Waiting in line with Marlee and Isabel at the Shedd Aquarium on March 4, 2012

 The rest is captured in my blog, which I re-activated after sending out some emails to some key friends to leak the news in my various circles.

On the occasion of this one-year anniversary, I went back and re-read the first couple of months worth of posts, starting last March.  It is quite a gripping narrative!  I had forgotten a lot of the details and was grateful for the decision to write down the experiences soon after they happened.  I wrote about pain and fear and a nasty cough that I barely remember now.  In fact, besides the physical changes I carry with me every day (scars, small eating capacity, shaved head, neuropathy) there are relatively few cancer artifacts around me.  I take vitamin supplements instead of medicines. Life is fairly normal. My outlook is positive and getting more so. I’m on Social Security disability so I am freed up to do volunteer projects and lower-stress work. I am 170 pounds instead of the 210 pounds I was a year ago and my feet thank me for this.  I am off blood pressure meds and cholesterol drugs. All the strangeness of the wonderful outpouring of sympathy has subsided so I no longer feel the pressure to keep people’s spirits up.  Despite, the statistics and what my oncologist, Dr. Scott tells me, it seems like I am cured. I will try to live like that every day if I can. My hope is that this one-year cancer journal will become a curious, ancient artifact about one difficult year in my long life; a year that made me a better, more aware, and grateful person.
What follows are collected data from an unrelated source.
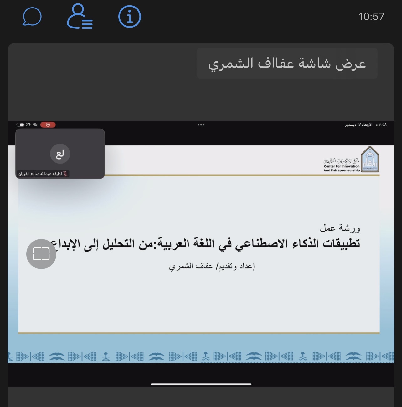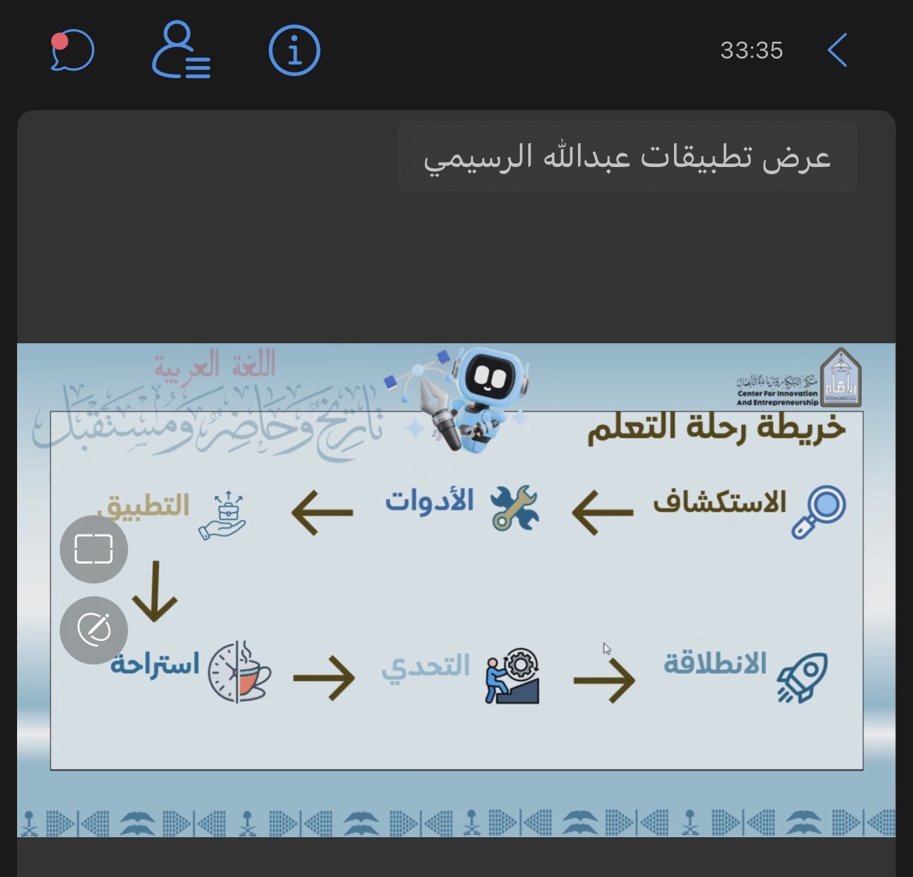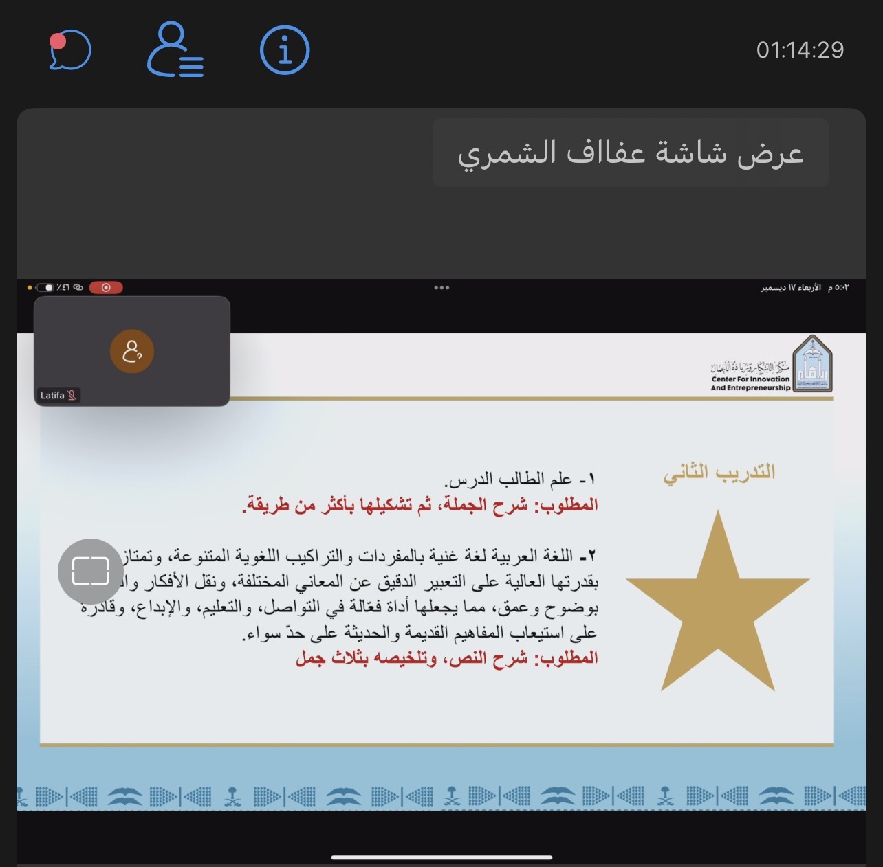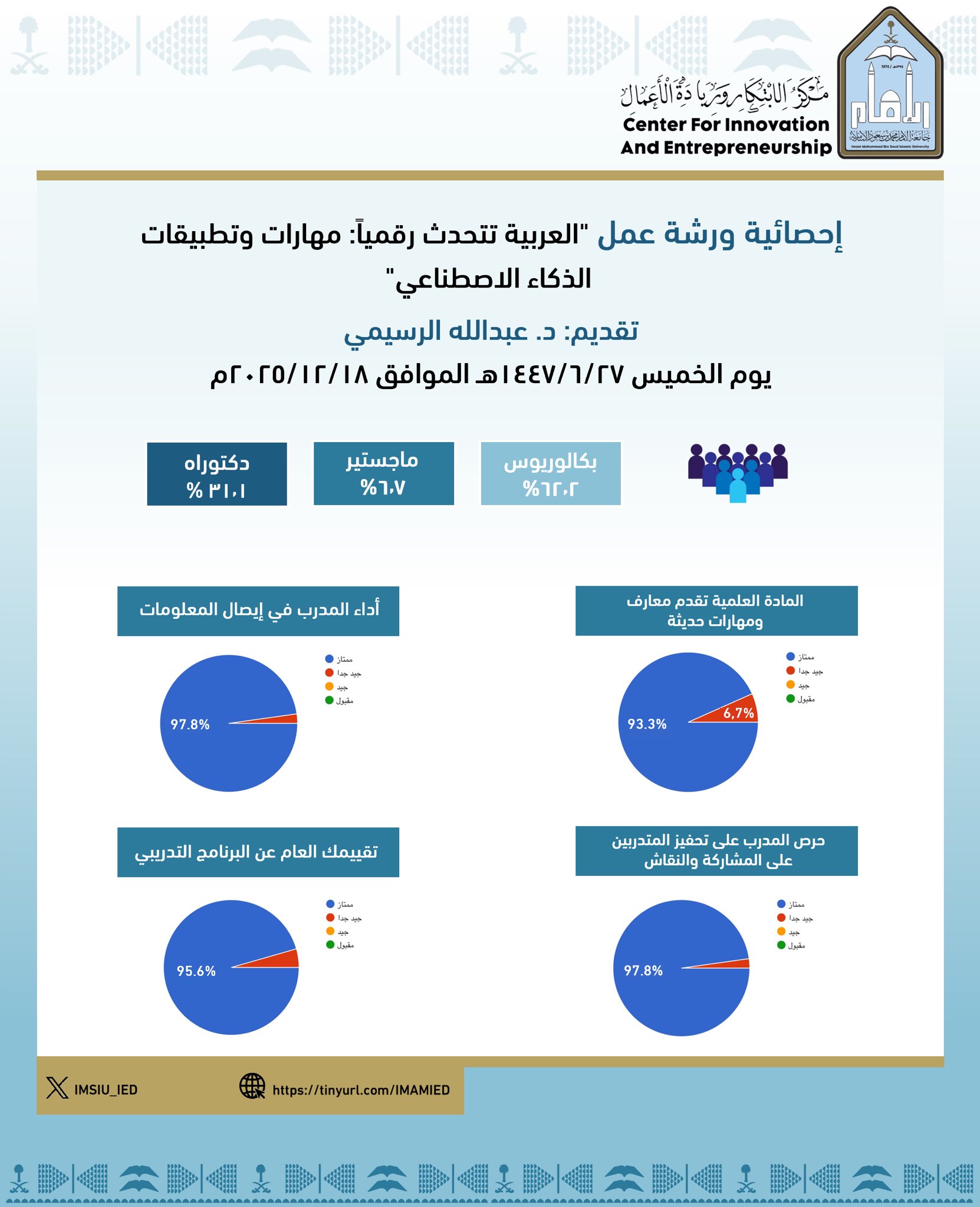 بمناسبة اليوم العالمي للغة العربية، نظّم مركز الابتكار وريادة الأعمال عدداً من الفعاليات المتنوعة، شملت: نشر محتوى توعوي عبر المنصات الرقمية، وتقديم ورشتين تدريبيتين افتراضيتين عبر منصة (Webex)، هدفتا إلى إبراز دور التقنيات الحديثة والذكاء الاصطناعي في خدمة اللغة العربية وتعزيز حضورها في البيئة الرقمية.
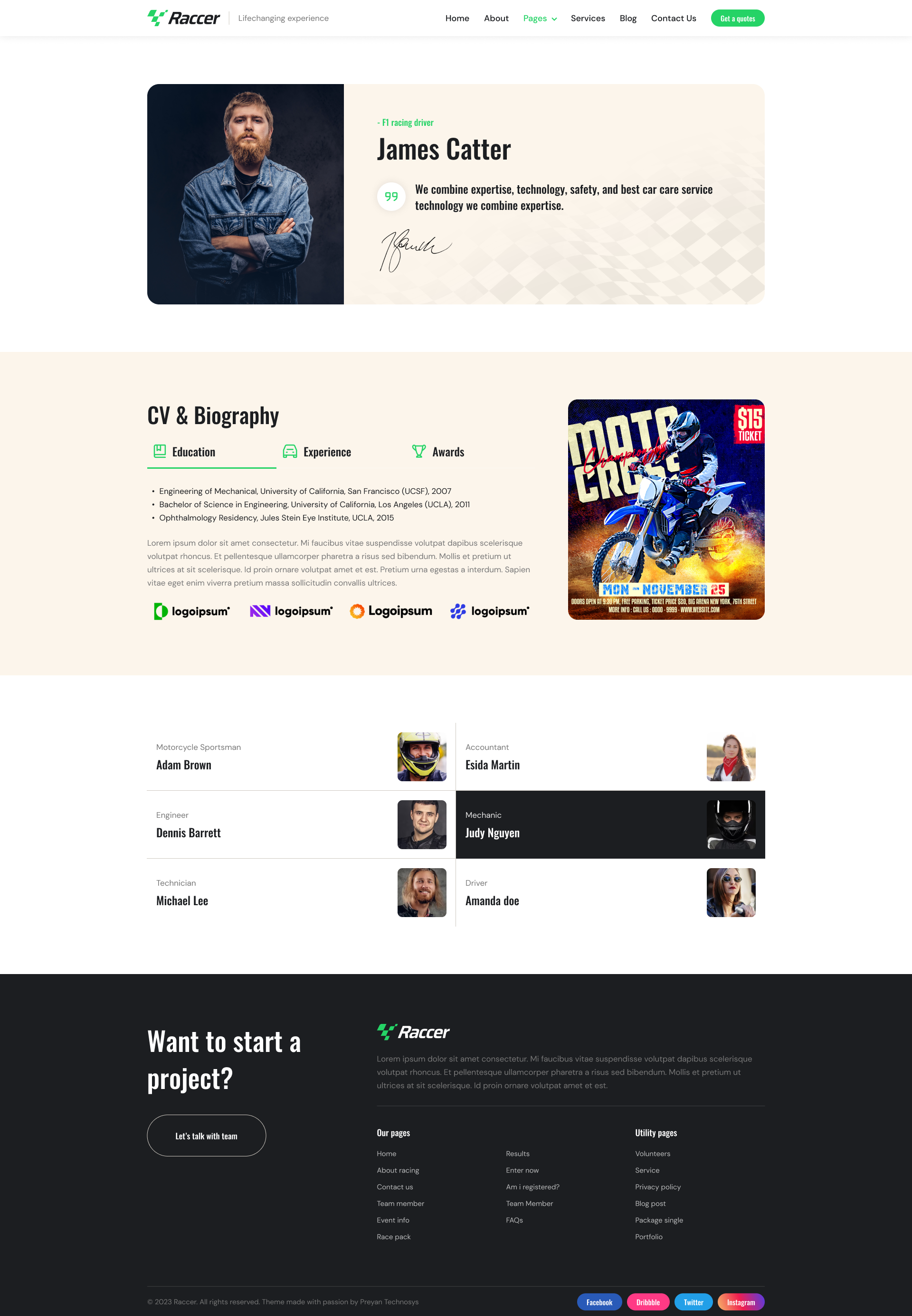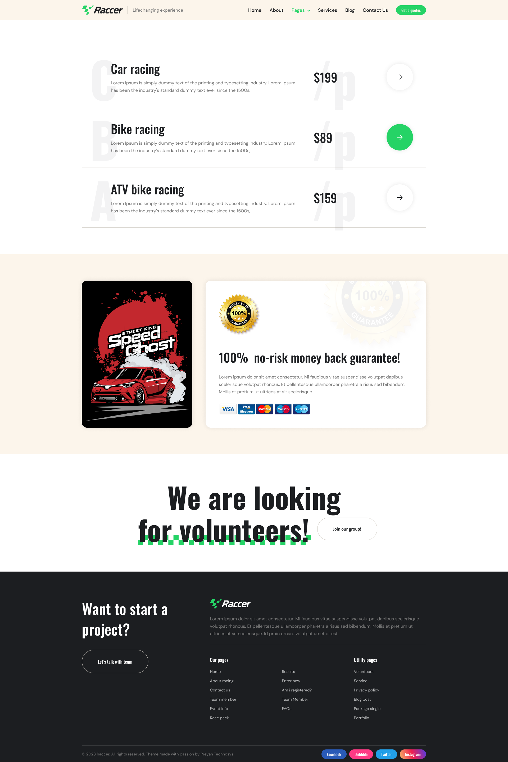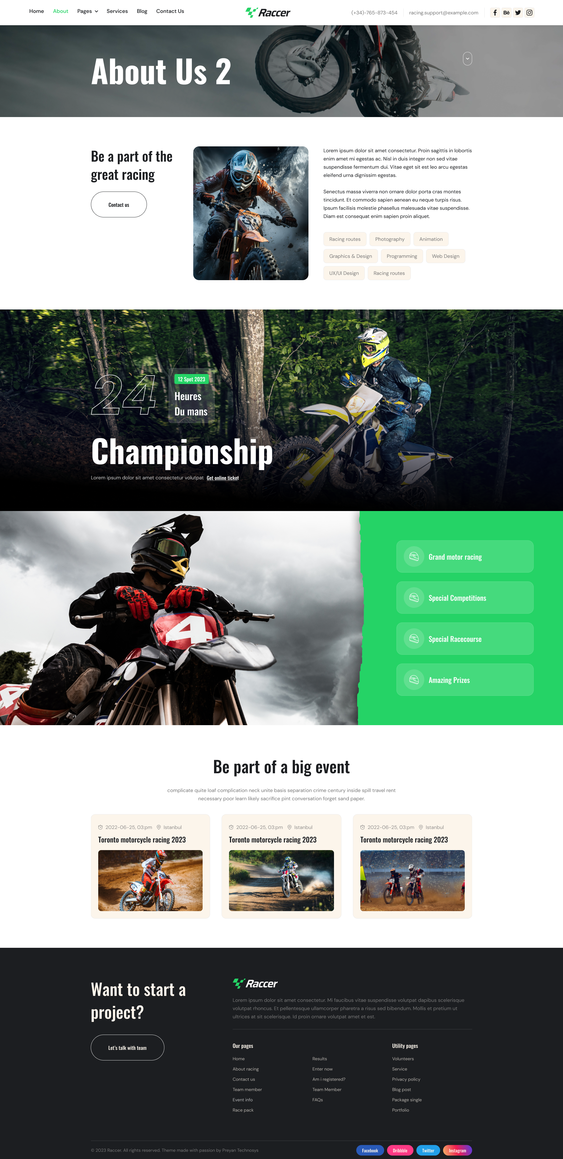 Raccer is a modern & colorful sports events Figma template designed for all kinds of sports events for moto & bike races, competition, race, marathon, eliminator, short track, training, championship, supermoto, downhill events websites.
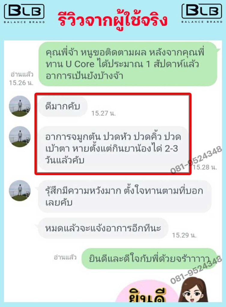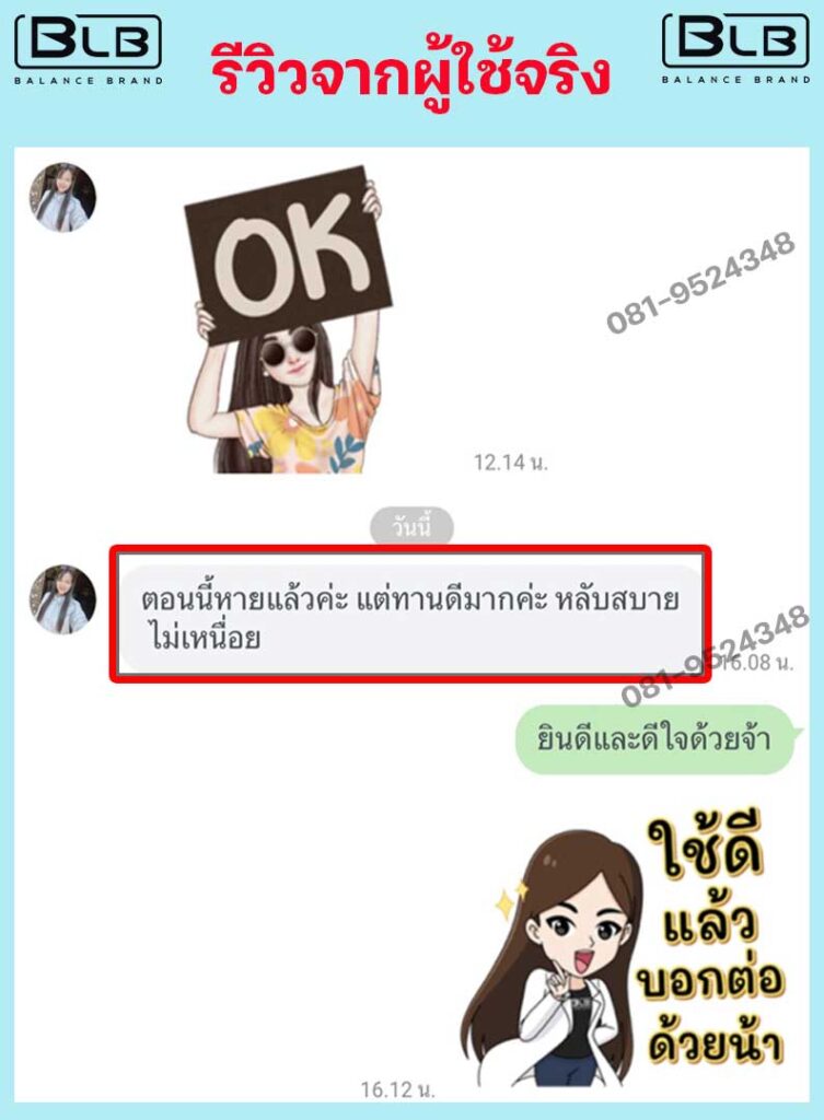 แอนจึงตั้งใจทานต่อเนื่องจนหมด ยอมรับว่าตะลึงกับผลลัพธ์เลยค่ะ ปัจจุบันแอนทานชุดที่สั่งมาตอนนั้นหมดได้ครึ่งปีแล้ว สังเกตุได้ว่า ตั้งแต่เริ่มทาน BLB U อาการก็ดีขึ้นเรื่อยๆ ตามลำดับ รู้สึกร่างกายสดชื่นดีมาก

My friend Laurie was diagnosed with cancer last year too.  She had her one-year anniversary about a month ago.  She confided in me her fear of recurrence, just before her 1-year scans.  Every ache or pain raises anxiety that this may be the cancer knocking on the door in some new way.  I do get that. What is that twinge in my chest?  Why do I have a headache?  What if?  Laurie’s scans were all good and those fears (and aches and pains) evaporated with the news.  It will likely be a while before those lurking fears totally dissipate.  My next CT scan is in two weeks and you can bet I’ll have panic moments.

Life is still more precious than ever and watching TV commercials is the lowest form of unimportant use of time I can imagine.  In spite of that, I helped make one last week. It was more about helping a friend and maintaining my craft.  Like we used to say back in my Public Access Television days, “Don’t watch television, make television.”   I had fun, even if I care nothing about sales or furniture or the "happiness" those bring to some people. Please forgive me for adding to the mind clutter in the universe.

And if you are new to my blog or even if you are a long time follower, check out last March and April’s entries and enjoy them as re-runs. Pretty hair-raising stuff!  Glad to be feeling this good after all of that!